If a country wanted to get 1000 megawatts of electricity how much would it cost to build plants that could provide this using various forms of electricity production.
Assume you were looking into getting 1000 megawatts from hydroelectric, nuclear, coal, natural gas, geothermal, wind, solar and whatever other sources of power there are. What would it cost to build 1000 megawatt plants using each of these sources?
This site quotes $400 million for a new, natural gas 1000 megawatt plant.
AFAIK, there have been no 1000MW solar or wind plants built anywhere in the world.
The US onshore cost for wind of much smaller size, based upon the news stories of
specific plants recently, have been in the 1.2-1.5 million per MW range. There was a request recently in England to build a 1,000 off-shore farm and the news stories said the estimated cost could be about 2.5 billion.
Solar PV costs might be 5-10 billion. 1,000MW of PV was nearly the entire annual production capacity of the world’s PV manufacturers last year.

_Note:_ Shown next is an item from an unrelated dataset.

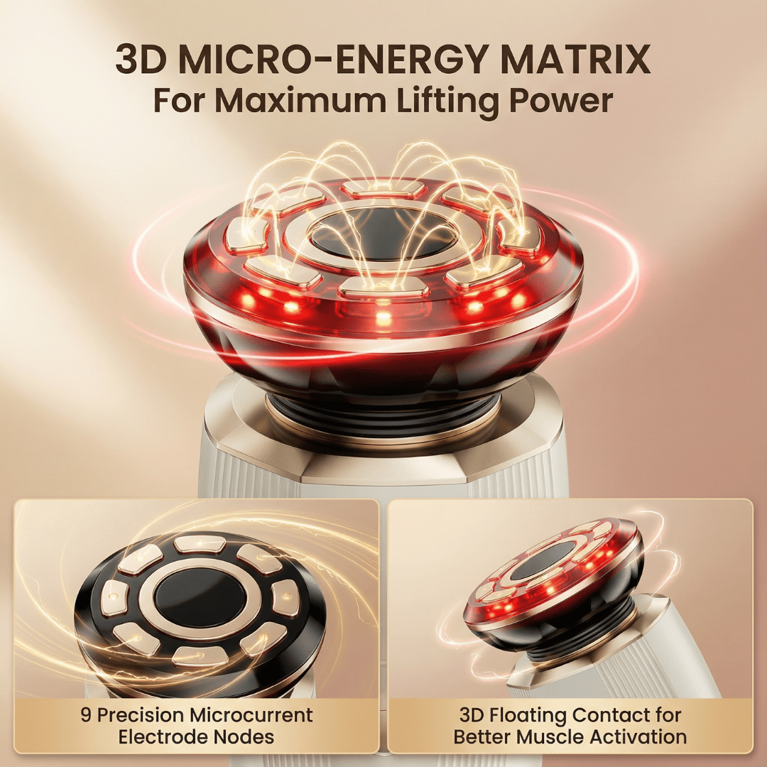 • Lift: Microcurrent (Mode 1) - Re-educates weakened muscles, restoring the "scaffolding" that keeps skin taut

http://jscms.jrn.columbia.edu/cns/2005-03-15/milkowski-smartwind
That turbine cost $1.8 million and produces 1.65 Megawatts, which is 1.1 Billion total. That is not a bad price really, and it’d probably be cheaper if you mass produced them.
The up front construction costs are important, but I’d also like to see a comparison of what it would take to keep the plant running for 50 years. I suspect you’ll find that nuke plants are the most expensive up front, but the cheapest in the long term. Wind power has a huge up front cost but zero fuel costs (but you have to figure in some maintenance costs). PV has a huge up front cost, zero fuel cost, but then the PV panels have to be replaced every few decades which gets very expensive in the long term.
I figured that too. A coal plant will have to spend alot on raw materials to generate electricty while a wind plant or solar plant spends nothing.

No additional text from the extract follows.